== Your instructions ==
Nothing but the lines below from the one that contains "AlbertDohmen 68. - Ostende" through the one that contains "Place a tablespoon" should be retyped, exactly and including both ends. Do not include pictures.
-------- Information provided --------
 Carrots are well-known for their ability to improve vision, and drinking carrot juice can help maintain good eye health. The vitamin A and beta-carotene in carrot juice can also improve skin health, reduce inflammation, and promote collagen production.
--------
-------- Information provided --------
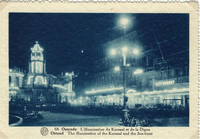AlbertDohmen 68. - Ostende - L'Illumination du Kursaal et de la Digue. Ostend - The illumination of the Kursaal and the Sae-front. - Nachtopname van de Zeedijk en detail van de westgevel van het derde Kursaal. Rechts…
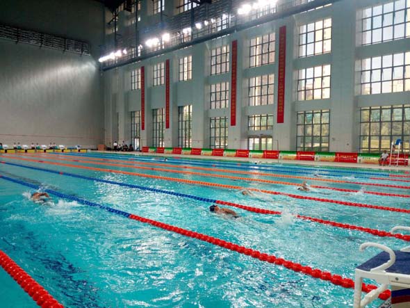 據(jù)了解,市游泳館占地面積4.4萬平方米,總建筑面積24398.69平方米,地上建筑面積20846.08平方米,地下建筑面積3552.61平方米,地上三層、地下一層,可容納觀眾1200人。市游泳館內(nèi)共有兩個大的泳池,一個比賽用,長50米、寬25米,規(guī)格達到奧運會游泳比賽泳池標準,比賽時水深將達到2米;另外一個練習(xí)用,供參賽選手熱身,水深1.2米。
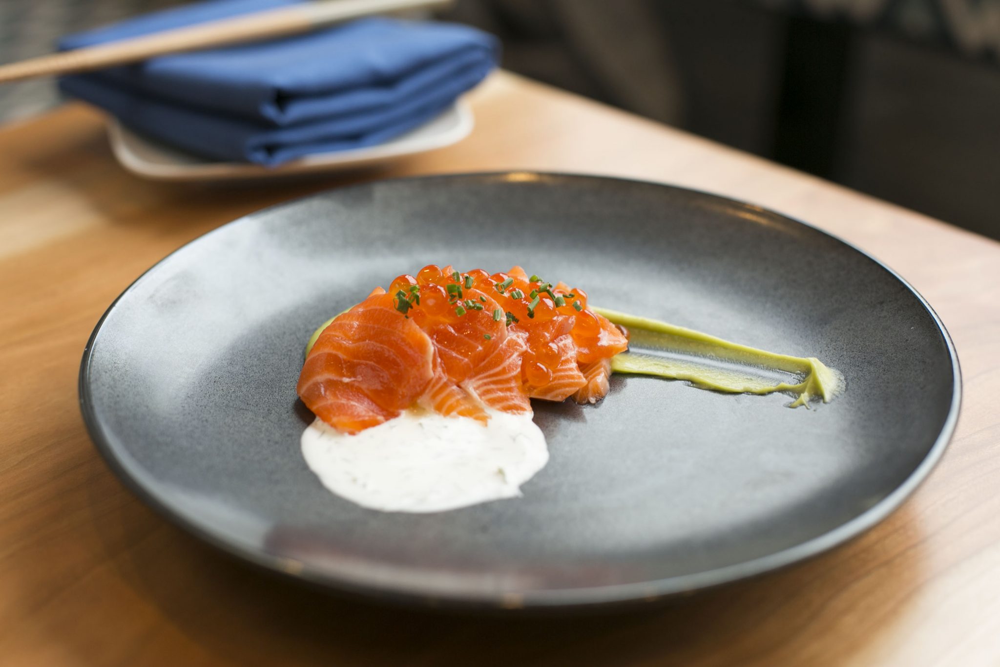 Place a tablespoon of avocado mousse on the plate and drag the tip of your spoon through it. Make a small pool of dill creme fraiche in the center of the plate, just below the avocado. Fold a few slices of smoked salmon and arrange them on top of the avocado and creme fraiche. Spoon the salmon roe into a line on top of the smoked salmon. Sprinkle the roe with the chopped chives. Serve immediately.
--------
== Expected answer ==
AlbertDohmen 68. - Ostende - L'Illumination du Kursaal et de la Digue. Ostend - The illumination of the Kursaal and the Sae-front. - Nachtopname van de Zeedijk en detail van de westgevel van het derde Kursaal. Rechts…
 據(jù)了解,市游泳館占地面積4.4萬平方米,總建筑面積24398.69平方米,地上建筑面積20846.08平方米,地下建筑面積3552.61平方米,地上三層、地下一層,可容納觀眾1200人。市游泳館內(nèi)共有兩個大的泳池,一個比賽用,長50米、寬25米,規(guī)格達到奧運會游泳比賽泳池標準,比賽時水深將達到2米;另外一個練習(xí)用,供參賽選手熱身,水深1.2米。
 Place a tablespoon of avocado mousse on the plate and drag the tip of your spoon through it. Make a small pool of dill creme fraiche in the center of the plate, just below the avocado. Fold a few slices of smoked salmon and arrange them on top of the avocado and creme fraiche. Spoon the salmon roe into a line on top of the smoked salmon. Sprinkle the roe with the chopped chives. Serve immediately.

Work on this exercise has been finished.